After about an hour, I went out to the parking lot where some boys were smoking. I needed some fresh air after being cooped up inside that sweater. Marilyn's brother, Peter Pepper, was standing there drinking some Strawberry Ripple Wine he had secreted in a brown paper bag.

“Thanks for being nice to my sister, Milton,” he said.

I shrugged.

He said, “Did you hear about Adam Blessing?”

I shook my head.

“Wait till you hear this,” he said.

I listened.
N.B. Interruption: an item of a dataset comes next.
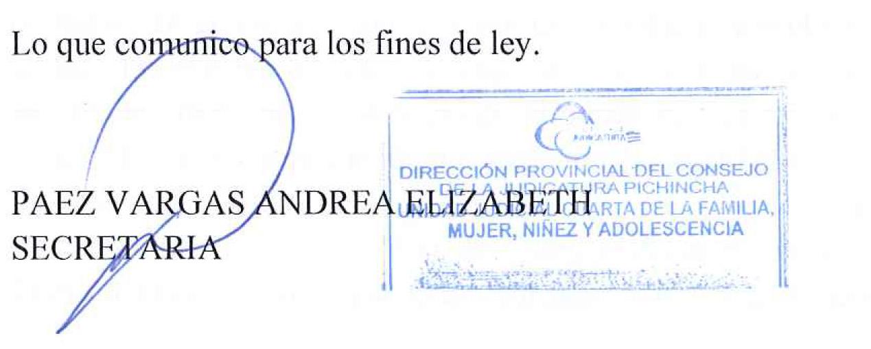 UNIDAD JUDICIAL DE FAMILIA , MUJER, NIÑEZ Y ADOLESCENCIA CON SEDE EN LA PARROQUIA IÑAQUITO DEL DISTRITO METROPOLITANO DE QUITO , PROVINCIA DE PICHINCHA.

I even took one of the cigarettes he offered me and suffered through a small coughing fit, trying to inhale nonchalantly while he gave me all the details. His father worked for the Storm Taxi Company and he had told Peter that last night he had driven this young girl to the Blessing place. He'd known Charlie wasn't there, because he'd taken Charlie to the Burlington Airport earlier in the week. He'd said the young girl was the flashy type with dyed hair and the smell of whiskey. She'd had a suitcase with her.

“That isn't all, either,” Peter said. “This afternoon they took her out of there in an ambulance. She'd taken sleeping pills, and she was in this fire-red negligee with fur on it, and
Adam was with her!”

“Wow!” I whistled.

“Yeah. Everybody's talking about it. I bet she's some whore. Do you think she's some whore?”

I shrugged and stepped on the cigarette. I went back into the gym and searched for Christine. She was dancing with Larry Brenner, who came up to her shoulder. I went up and cut in.

“Where have you
been
?” she said.

“Never mind that,” I said. “I just heard something wild about Adam!”

“I heard it, too. Ty told me. When Marlon gets here I'm Marlon's date!”

“I'm Marlon's date!” I said.

“Keep your voice down,” she said. “Don't dance with me and shout out that you're Marlon's date!”

“You're Adam's date,” I said.

“He's spent the night with some chorus girl!” she said.

I said, “I heard it was a whiskey-drinking whore.”

“A friend of his
father's
,” she said sarcastically. “He said it was a
friend
of his
father's
!”

“It's a free country,” I said.

“My father was right about him. We don't know anything about him!”

“You said yourself he was different.”

“Keep that head away from my shoulder and back!” she said.

“It isn't easy to dance carrying your head,” I said. “You should try it sometime.”

“You're going to pay for the way you've acted tonight,” she said.